GenioWork for variant calling analysis

GenioWork is a powerful tool to design, compose and execute genomic workflows. In this post we show you how GenioWork can facilitate variant calling analysis.

Variant Calling is the process by which we start from sequenced data (FASTQ file) and produce a file containing the variants (VCF file).

Let’s assume that we have two FASTQ files from paired-end sequencing ERR3863191_1.fastq.gz and ERR3863191_2.fastq.gz [1] and the reference genome hg19.fa [2].

Open the GenioWork home page, click on new workflow and insert name.

The Visual Editor page is opened: to build the workflow click on the module and drag and drop it to the design area.
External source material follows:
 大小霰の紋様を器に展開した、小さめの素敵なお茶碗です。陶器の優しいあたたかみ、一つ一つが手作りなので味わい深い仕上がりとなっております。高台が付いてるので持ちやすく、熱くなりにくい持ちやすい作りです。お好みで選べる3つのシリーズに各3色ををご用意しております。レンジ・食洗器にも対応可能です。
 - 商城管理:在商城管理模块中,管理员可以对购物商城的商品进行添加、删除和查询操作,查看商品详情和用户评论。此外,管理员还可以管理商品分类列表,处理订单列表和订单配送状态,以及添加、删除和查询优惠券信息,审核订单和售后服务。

Drag and drop the geniosave_bwa_index.cwl module to the design area and create input and output ports. This module takes in input a reference genome to produce as output a reference index used to the bwa aligner.
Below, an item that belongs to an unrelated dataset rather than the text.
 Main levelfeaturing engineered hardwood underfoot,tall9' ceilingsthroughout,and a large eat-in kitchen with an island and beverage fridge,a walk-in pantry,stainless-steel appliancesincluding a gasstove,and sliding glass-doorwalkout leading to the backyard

Drag and drop the geniosave_bwa_mem.cwl module to the design area.

Clicking on the module right sidebar is opened: here it is possible to add two optional input ports, referring to the paired-end fastq file and to bwa index file and the two parameters read_group and output_sam_name.

This module takes the reference genome, the index created before and the sequenced data as input and produces aligned sequence data (SAM/BAM) as output.

Drag and drop the geniosave_samtools_sort module (BAM sorting by coordinates) and connect the output of the aligner to the input of the samtools_sort module. By clicking on the module, it is possible to fill up the required parameter output_bam_sorted_name.

Now to identify the variants contained in the resulting BAM sorted by coordinates we go to use the geniosave_gatk_haplotype_caller module, but it requires three more secondary files:

  1. BAM index
  2. Reference genome index
  3. Reference genome dictionary

Drag and drop the geniosave_samtools_index module (BAM index) and connect the output of the samtools_sort module as input.

Drag and drop the geniosave_samtools_faidx module (reference genome index) and connect the reference genome as input.

Drag and drop the geniosave_gatk_create_sequence_dictionary module (reference genome dictionary) and connect the reference genome as input. By clicking on the module, it is possible to fill up the required parameter output_reference_dictionary_name.

Drag and drop the geniosave_gatk_haplotype_caller (variant identifier) and connect the outputs of the geniosave_samtools_sort, geniosave_samtools_index, geniosave_samtools_faidx and geniosave_gatk_create_sequence_dictionary to the input of the geniosave_gatk_haplotype_caller.

Finally create the output port, producing the VCF file containing variants, the result of the entire workflow.

Now we pass from Visual Editor to the Test page where the input ports are filled up with the files presented in the geniomic database.

By double click on the input port it is possible to browse in the geniomic database to choose the file of interest.

The input port to mandatory fill up are represented in orange, while the optionale ones in the standard colour (white), as shown in figure.

Choose the files, clicking on the run button to run the workflow.